Pamiętacie te beztroskie czasy, kiedy to co prawda nie było internetu, a i dostęp do komputera był mocno ograniczony, ale za to istniały inne wspaniałe sposoby spędzania czasu? Jak na przykład… resoraki?
Kreatywność dzieciaków, które w swoje ręce dostawały małe, metalowe modele, nie miała granic. Jedną z częściej spotykanych form rywalizacji z kumplami z klasy był resorakowy odpowiednik wyścigu na ćwierć mili. Autka puszczało się z torów, zrobionych własnoręcznie albo kupionych w zestawie i wygrywał ten, którego samochodzik szybciej grawitacja sprowadziła do mety. Jednak czasem ciężko było rozstrzygnąć czyje autko było pierwsze – i dopiero po latach pojawia się rozwiązanie tego problemu, które korzysta z technologii NFC.
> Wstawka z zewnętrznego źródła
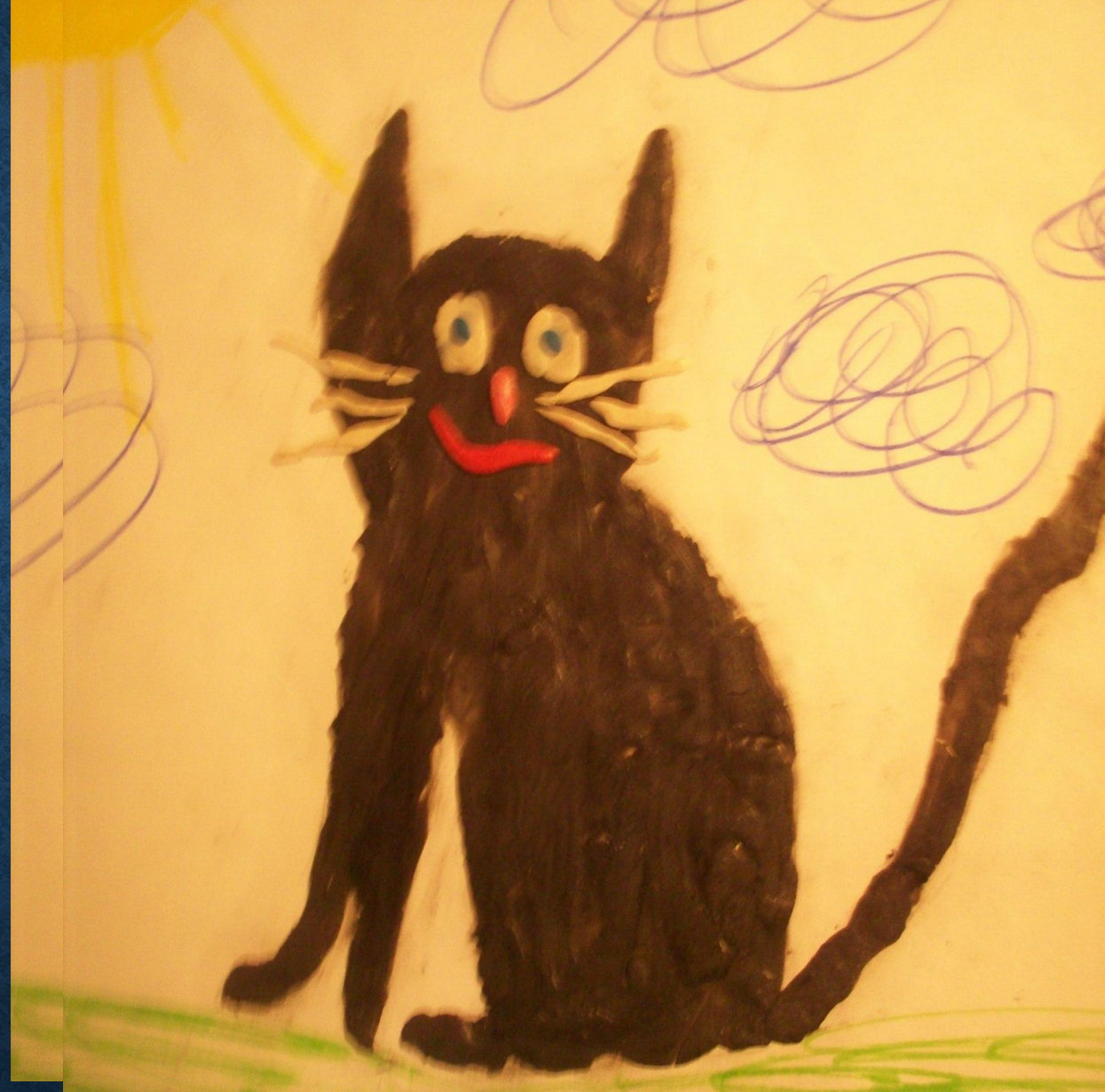
Работа «Кошка» выполнена пластилином.
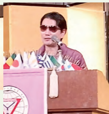
裕次郎というよりは渡哲也寄りですね
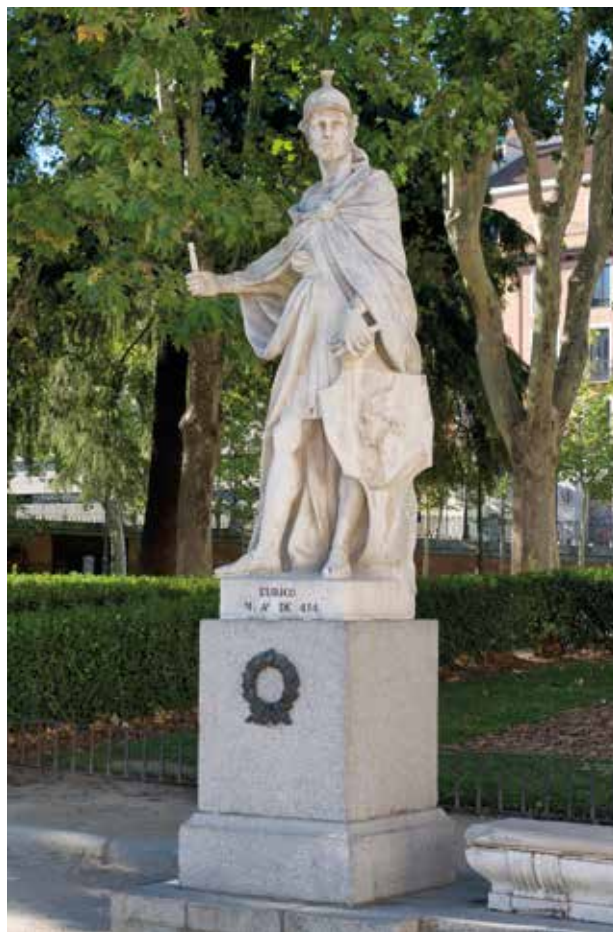
Francisco de Vogue. Euric, rei visigot (420-484) , 1750. Pedra calcària, 285 x 120 x 110 cm. Plaça d'Orient, Madrid.

La derrota de les tropes romanes locals i l'arribada de nous contingents bàrbars de més enllà del Danubi van provocar la intervenció directa de l'emperador Valente, que es trobava lluitant en la frontera persa. Al capdavant de l'elit de l'exèrcit d'Orient, l'any 378 Valente va ser derrotat i mort en la cèlebre batalla d' Adrianopolis , a Tràcia, prop de la mateixa Constantinoble. Aquesta
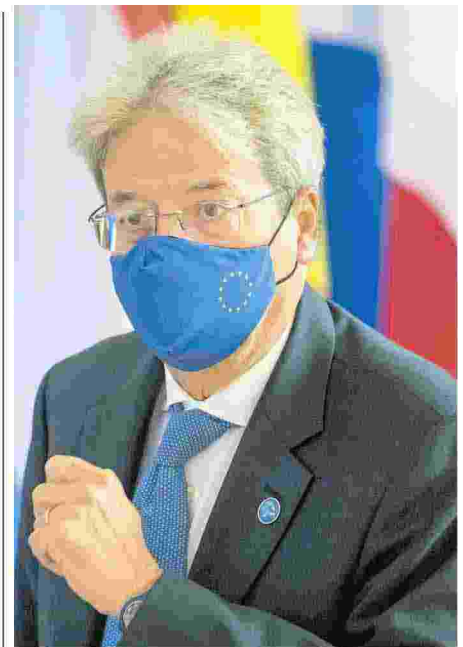
◀ Ex premier e ministro Paolo Gentiloni, commissario Ue agli Affari economici dal 2019, è stato premier italiano e ministro degli Esteri

Dal vaccino anti Covid una lezione sull'importanza di valori europei come scienza e trasparenza che escono vincitori. È un grande passo avanti per tutto l'Occidente. — ” —
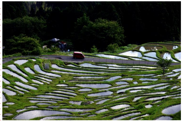
都市(まち)からの便り 於:熊野市丸山千枚田

前回のニコニコ ¥40,000 全期会費預かり分 ¥1,665,000 今年度累計 ¥3,243,450
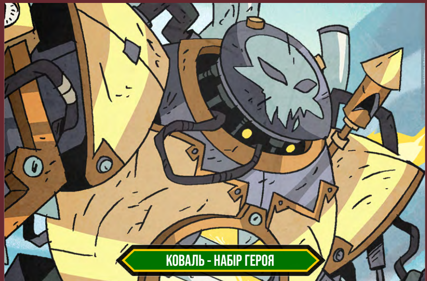
КОВАЛЬ - НАБІР ГЕРОЯ

Коваль — потужний робот, який має чудовий бойовий арсенал і готовий до будь-яких ситуацій. Мало хто може пробити його масивний щит, що подвоюється в розмірах і може зненацька вибухнути. Цей непереможний титан знає безліч способів знищення ворогів і йому ніколи не заважають емоції.

Zobacz: Nintendo za darmo wymieni graczom konsole Switch na nowszy model
Firma Mattel, która aktualnie odpowiada za kolejne zestawy Hot Wheels, wprowadziła na rynek zestaw Hot Wheels ID. Składa się on z toru oraz samochodzików ze specjalnym tagiem. Meta toru posiada bramkę NFC, która zczytuje tag z autek, dzięki czemu jednoznacznie wiadomo kto wygrał wyścig. Do tego oferuje ona kilka innych możliwości, jak odczyt prędkości, liczbę okrążeń i czas ich pokonywania. Cena zestawu wynosi 180 dolarów dla dłuższego toru, oraz 120 dolarów dla krótszego. Poza tym można kupić samą bramkę NFC i zamontować ją w już posiadanym torze – taka opcja kosztuje 35 dolarów. Jest też możliwość wykorzystania małego modelu Cybertrucka Tesli, o którym pisaliśmy w jednym z poprzednich newsów.